Présentation de l'éditeur 

 Les stéréotypes sur le sombre Moyen Âge ont la vie dure. Parmi ceux-ci, la place des enfants, que l’on imagine encore peu aimés et exploités, travaillant durement à un âge très précoce aux côtés des adultes. Rien, pourtant, n’est plus faux que cette vision misérabiliste.

Didier Lett, spécialiste et précurseur de ce champ historique, nous montre la vive attention à l’enfance dès le ventre maternel. Il s’intéresse à la naissance, au baptême, aux premiers soins apportés au nourrisson et aux relations que l’enfant entretient avec ceux qui vivent avec lui : père, mère, frères et sœurs... Plus de doute possible : la société médiévale a bien connu un fort « sentiment de l’enfance », manifestant une profonde affection à l’égard des plus petits et développant une riche réflexion sur l’éducation mais avec des différences en fonction du sexe, de l’âge, de la place dans la fratrie et du milieu social. L’auteur s’attarde aussi sur les malheurs de l’enfance dus aux pestes ou aux famines, à des accidents ou à des handicaps et parfois à la violence des adultes, des animaux ou d’autres enfants.

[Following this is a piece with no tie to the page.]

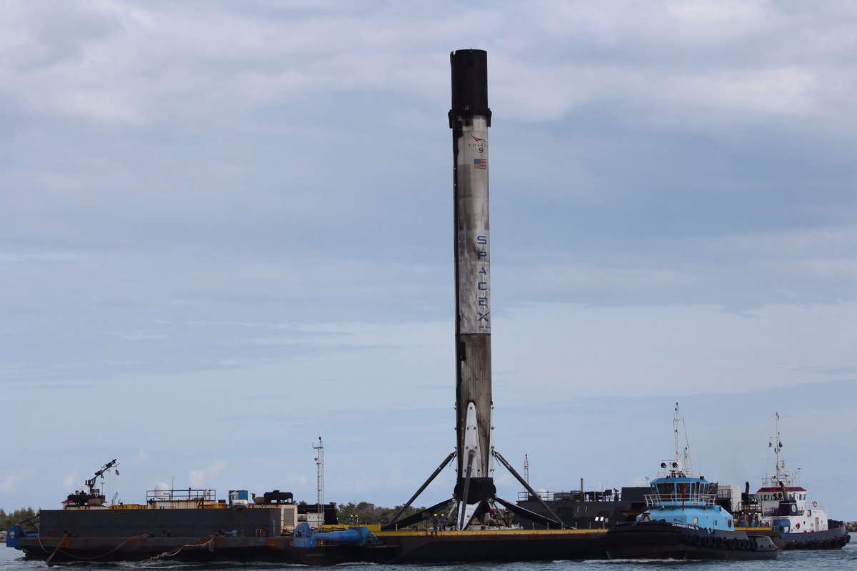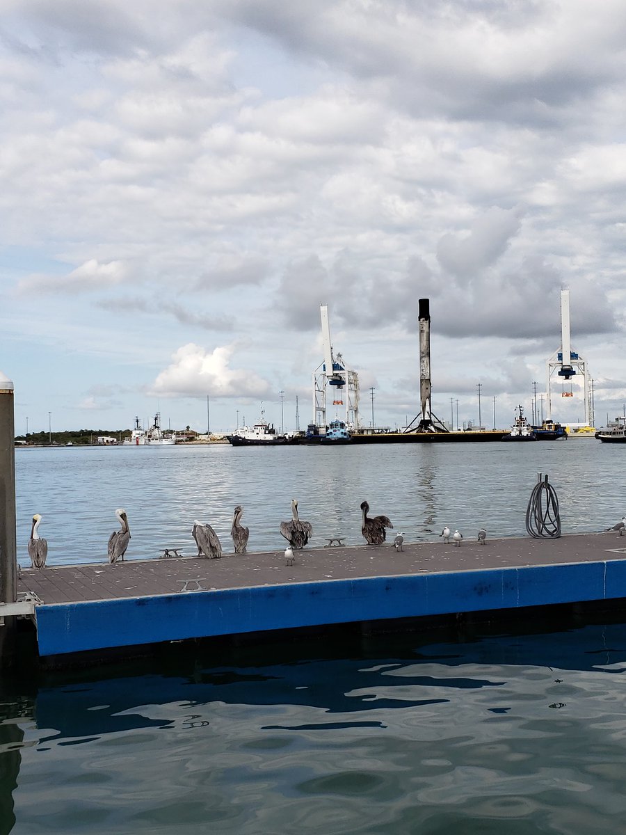 Birds of a feather flock together. The twice flown and landed @SpaceX Falcon 9 first stage booster from #Eshail2 is docking in @PortCanaveral on a beautiful afternoon.

En s’appuyant sur de profonds renouvellements historiographiques, Didier Lett propose une riche synthèse, totalement inédite, centrée sur les quatre derniers siècles du Moyen Âge, qui nous conduit à réfléchir à la longue histoire de l’enfance en Occident.

Biographie de l'auteur

Didier Lett est professeur émérite d’Histoire médiévale à l’Université Paris Cité, membre senior honoraire de l’Institut universitaire de France et spécialiste de l’enfance, la famille, la parenté et le genre. On lui doit notamment Hommes et femmes au Moyen Âge. Histoire du genre XIIe-XVe siècles (2023) et Crimes, genre et châtiments au Moyen Âge. Hommes et femmes face à la justice (XIIe-XVe siècles) (2024), récompensé par le prix de la Dame à la licorne du Musée de Cluny.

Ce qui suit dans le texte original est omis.